Relief with a hole, a hole caused by looters and collectors |
A relief in a cave used for Mithraic worship at Tor Cervara in Rome was broken into pieces and the fragments were stolen and scattered on the art market. In the mid 1960s the fragments remaining in the cave were pieced together making up part of the tauromachia, bullfight scene in the Museo delle Terme in Rome. The bull's head and the a part of the upper body and head of the god Mithras were missing. Because the relief remained incomplete, it was moved to the stores.
In 1976 an art dealer in Bern offered the Badische Landesmuseum the head of a Mithraic relief. The museum conducted a search to determine whether such an item had been reported stolen, when finding no trace of such a report, they bought the head for 60,000 D- Mark even though there was no record of where it had come from.

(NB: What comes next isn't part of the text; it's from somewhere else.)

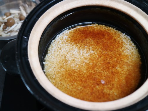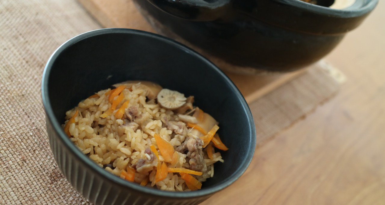 ※炊飯専用土鍋、長谷園のかまどさんでよく炊き込みごはんをします。その場合は浸水20分、12分強火で加熱、20分蒸らすと完成!!そのまま食卓に出しても映えますよ。

The Karlsruhe Mithras head was identified as the missing part of the relief in Rome in 1987 by the Swiss archaeologist Rolf Stucky. The Karlsruhe Mithras was acquired before germany became party to the 1970 UNESCO Convention - so the Italians cannot claim it back. Instead at the end of last year, the Museo delle Terme sent the relief to Karlsruhe, where it was joined to the head. The completed Mithras Relief - only the head of the bull is still missing - appeared in the Karlsruhe exhibition "Empire of the Gods". After completion of the exhibition in May, the completed relief will be shown in Italy for ten years. In return, Karlsruhe then gets a loan from Rome.
'Der fehlende Kopf kam aus der Schweiz' Tages Anzeiger 30.01.2014
Karlruhe's loose 60000 DM head-on-a-stick, as "art", no sense at all without the rest, and without knowing where it came from:
So which selfish collector of "ancient art" has the ever-so artistic "snout on a stick" hidden away?